Search the data for "para" and copy every matching line.
═══ Extracted records ═══
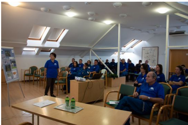
Oktatás az előrejelzésről

geometriai adatokkal való aktualizálással, és az elöntési területek valós idejű megjelenítésével.
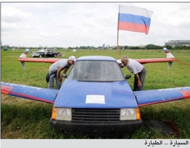
السيارة .. الطائرة

اسم اسم Bulgakov.V: تطير السيارة عندما تصل سرعتها لـ 100 كيلومتر في الساعة، وترتفع حتى ثلاثة أمتار فقط لمسافة لا تتجاوز الـ 200 متر، وهي وإن كانت مسافة صغيرة للغاية إلا انها مقنعة بالنسبة للتجربة الأولية، وقام بولجاكوف باستخدام نموذج بأربعة أجنحة لجعلها أكثر أمنا أثناء الطيران، وتستغرق السيارة نحو 20 ثانية للوصول لسرعة الطيران. على الرغم من ان بولجاكوف كان يهدف بالأساس لجعل سيارته الطائرة منتجاً تجارياً الا انه قرر بعد ذلك استخدامها في تدريب الطيارين الجدد على الاقلاع والهبوط.
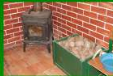
Estilha / Briquetes e Oleões
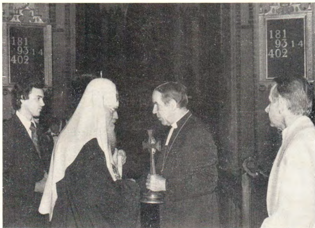
1 сентября 1981 года. Святейший Патриарх Пимен вручает крест в дар Архиепископу д-ру Микко Юве
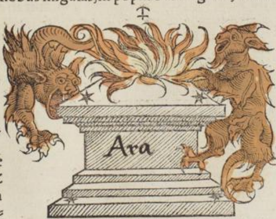
i tu, exo

A ra antarticum circulum prope tangens inter hoſtiæ caput & ſcorpionis caudā extremam collocat, occidēs arietis exort
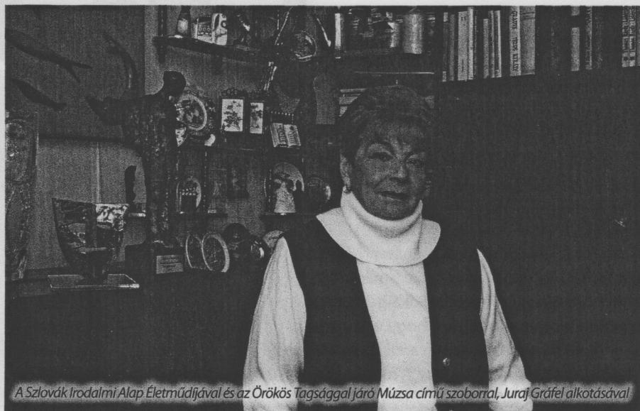
A Szlovák Irodalmi Alap Életműdíjával és az Örökös Tagsággal járó Múzsza című szoborral, Juraj Gráfel alkotásával
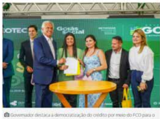
Governador destaca a democratização do crédito por meio do FCO para o desenvolvimento econômico goiano, durante abertura da Caravana da Sudeco

O governador Ronaldo Caiado destacou a importância do Fundo Constitucional de Financiamento do Centro Oeste (FCO) para o desenvolvimento econômico de Goiás, ao participar da abertura da Caravana da Sudeco, nesta segunda-feira (30/10), em Goiânia. O evento tem como principal objetivo facilitar o acesso ao crédito a pequenos e médios empresários, ampliando a geração de emprego e renda. "Não tem como não reconhecer o que o FCO representa para o Centro-Oeste. São milhares de empresas que tiveram esse recurso em Goiás e que puderam alavancar cada vez mais", afirmou Caiado.
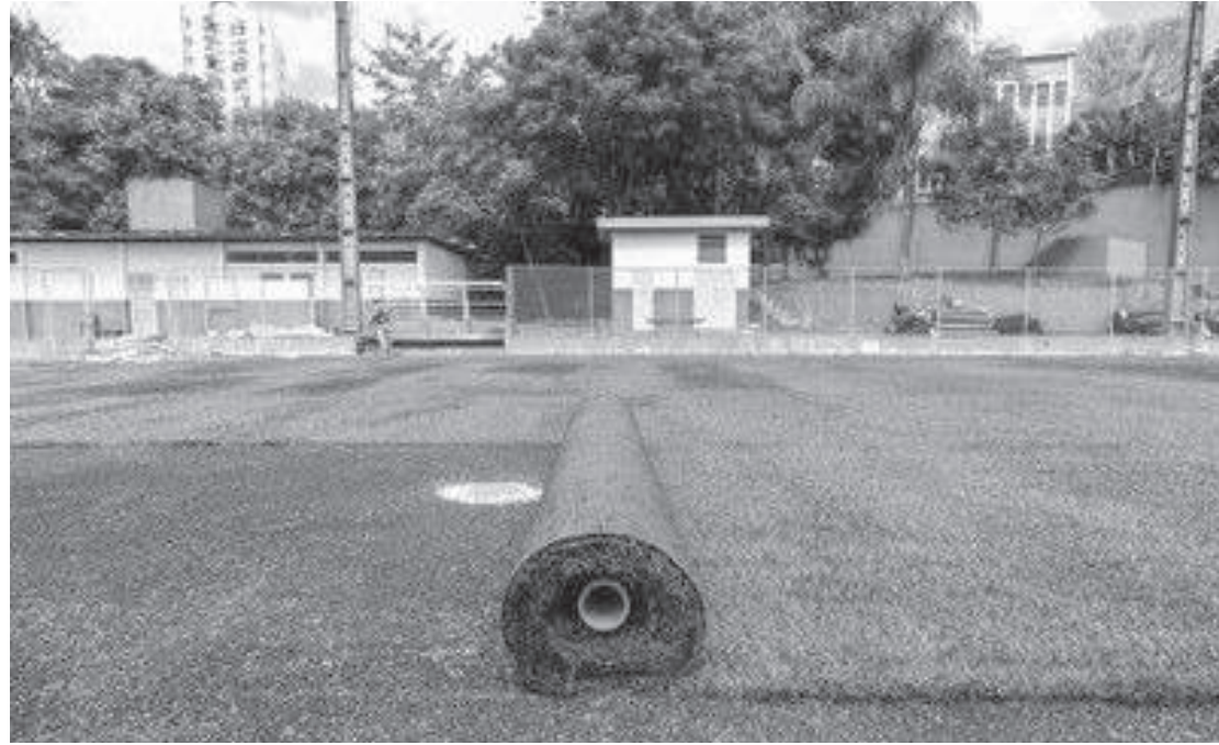
Sonho antigo dos moradores da região, campo de futebol terá novo gramado para atender aos esportistas

O Centro Esportivo Vila Guarani, está passando por ampla reforma em seu campo. A reforma está em fase final e a previsão é de que até o dia 25 de fevereiro os usuários ganhem um novo campo de grama sintética.
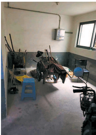
■ 地下非机动车停车库沦为“杂物间”

记者来到该小区实地采访。据业主介绍,莲花河畔景苑小区设有3个大型地下非机动车停车库,总共能够停放超过500辆非机动车,基本能满足整个小区居民的停车需求。其中一个就位于18号楼的地下一层。记者走进该车库后,映入眼帘的却是多个废弃的花箱,还有扫帚和桌椅等废旧物品堆成的“小山”。这些陈年旧物的表面都覆盖着一层厚厚的灰尘,记者即便戴着口罩,也依旧难抵地下室里堆放的杂物散发的阵阵霉味。
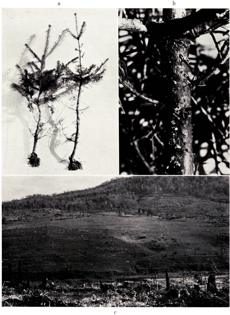
第2図 a. 大滝国有林被害地に於ける約7年生被害トド苗(縮少) b. aの苗木のがんしゅ部に見られる子のうぼん(約実物大) c. 大滝国有林内造林地被害の景観

Text-Fig. 2. a. Two attacked saplings of Todo-fir of about 7 yrs. old from the damaged area of Otaki national forest. b. Cankered surface of a stem on which numerous apothecia are seen. (Approximately natural size). c. Afforested area of Otaki national forest in Hokkaido wherein heavy damage has occurred.
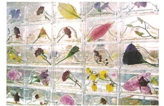
薔薇の箱、レストランのためのショウケース

12月14日(土) 13:00-16:00 ●会場: 3階アトリエ ●対象: 小学生以上(定員20名) 「カセットプラント」は、透明なカセットケースの中に一輪の花や木の葉など植物を樹脂で“封印”して つくります。それら1個1個を組み合わせて大きな作品をつくり、完成作品は美術館内に展示します。 ※植物は乾燥処理された特別な素材を使います。
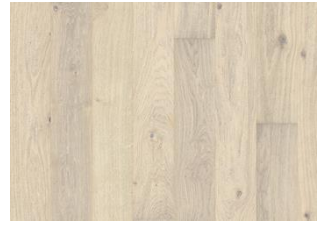
Eiche Nouveau Blonde
═══
• **Finished exercise**:
Governador destaca a democratização do crédito por meio do FCO para o desenvolvimento econômico goiano, durante abertura da Caravana da Sudeco
O governador Ronaldo Caiado destacou a importância do Fundo Constitucional de Financiamento do Centro Oeste (FCO) para o desenvolvimento econômico de Goiás, ao participar da abertura da Caravana da Sudeco, nesta segunda-feira (30/10), em Goiânia. O evento tem como principal objetivo facilitar o acesso ao crédito a pequenos e médios empresários, ampliando a geração de emprego e renda. "Não tem como não reconhecer o que o FCO representa para o Centro-Oeste. São milhares de empresas que tiveram esse recurso em Goiás e que puderam alavancar cada vez mais", afirmou Caiado.
Sonho antigo dos moradores da região, campo de futebol terá novo gramado para atender aos esportistas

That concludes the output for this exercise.